An issue arises with respect to time-step sequences. For M3IO, time step sequences are characterized by a starting date, a starting time, and a time step. The correspondence between elements of a time step sequence and "record numbers" is a deterministic one, as made possible by the facts that the relevant arithmetic is exact integer arithmetic and that the time step is constant for the entire time step sequence. This will create a "show-stopper" problem for data sets of high temporal resolution, if a WRF driver were constructed to use an adaptive time step scheme. For coarser output time steps (i.e., substantially larger than the solver time-step), we would resort to the scheme used by the MCPL() output module for MM5, to deal with the non-determinism of pre-Version-3 MM5 time-keeping: find the model time step that contains the desired input or output time step, and thereby keeping the temporal error at most one model time step (probably good enough for hourly input, for example).

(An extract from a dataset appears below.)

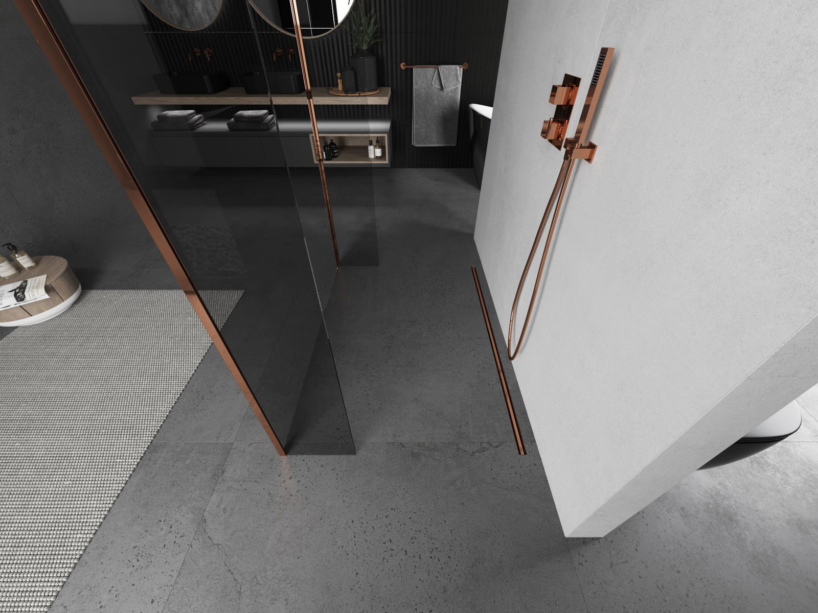 Mexen Kioto brīvi stāvoša dušas siena 155 x 30 x 30 cm, caurspīdīga, rozā zelts - 800-155-030-222-60-00-030

A special case of this is the case of time-independent data: presently, I can see no means in WRFIO to define that a variable is time-independent (at least in the documentation to which I have access, nor do I see provision for time independent variables implied in what I read of the Registry. On the other hand, there are a number of variables for which it is clearly worthwhile to note that they are time independent: z, pb, pb8w, msft, msfu, msfv, f, e, sina, cosb, ht, etc.

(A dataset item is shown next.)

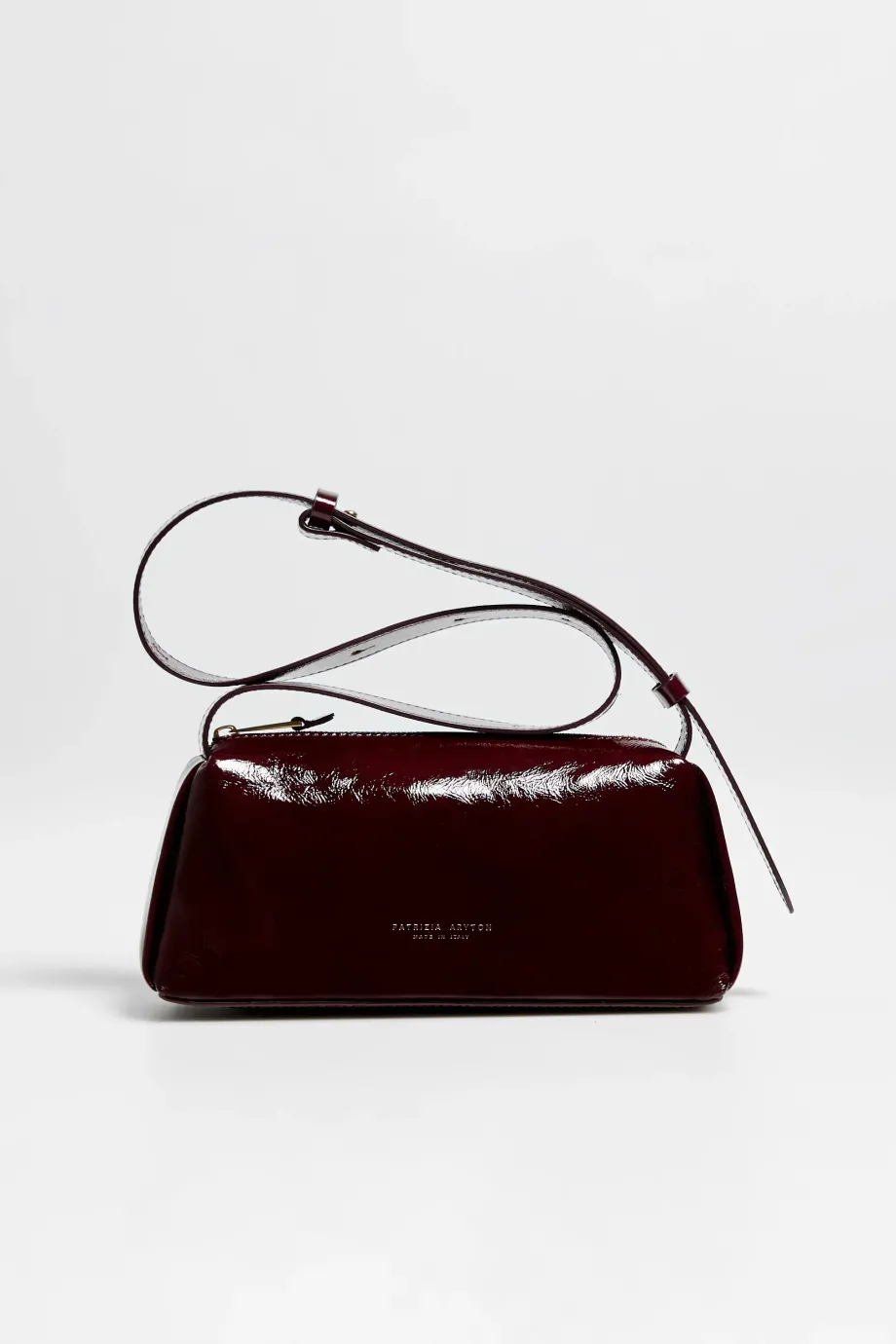 Malá taška z přírodní hladké kůže v barvě jeřabiny. Dlouhý, nastavitelný popruh. Zapínání a logo ve zlaté barvě. Vnitřek s malou kapsičkou na drobnosti.

Another issue is the WRFIO concept of input and output frames. Since M3IO does selective direct access I/O, it naturally performs I/O operations when they are requested, and the sequential-file "frame" concept is not even relevant. As far as I can tell, however, this is of issue only in terms of requiring that the external M3IO package for WRFIO must maintain and update the state variables related to frames (ext_m3io_end_of_frame(DataHandle,Status) must increment the specified data set's date&time, for example).

QUESTION: Given the WRFIO concept of a "current frame", (with its own date&time) as maintained by routines ext_pkg_get_next_time(DataHandle, DateStr, Status), ext_pkg_set_time(DataHandle, DateStr, Status) ext_pkg_end_of_frame(DataHandle, Status) and ext_pkg_get_next_var(DataHandle, VarName, Status) , and given that the routines ext_pkg_read_field(DataHandle, DateStr, ...) and ext_pkg_write_field(DataHandle, DateStr, ...) have a possibly different DateStr as one of the arguments, how do these latter two routines interact with the current-frame date&time? Also, how do the first three (dealing with potentially changing the current frame) interact with get_next_var?

Back to Contents


Required-Attribute Dictionary

As a consequence of its single-operation "build a file from a complete file-definition" mode of operation, and consistent with the integrity requirements for the multi-model nature of environmental modeling applications, it is required that during the "dry-run" file-creation phase, the WRF execute a set of "put-metadata" calls sufficient to complete a MM3IO file definition, and specify these metadata by the names recognized by the external_m3io package. It is an error to call ext_open_for_write_commit() without having specified the entire set of metadata for a complete M3IO data set definition.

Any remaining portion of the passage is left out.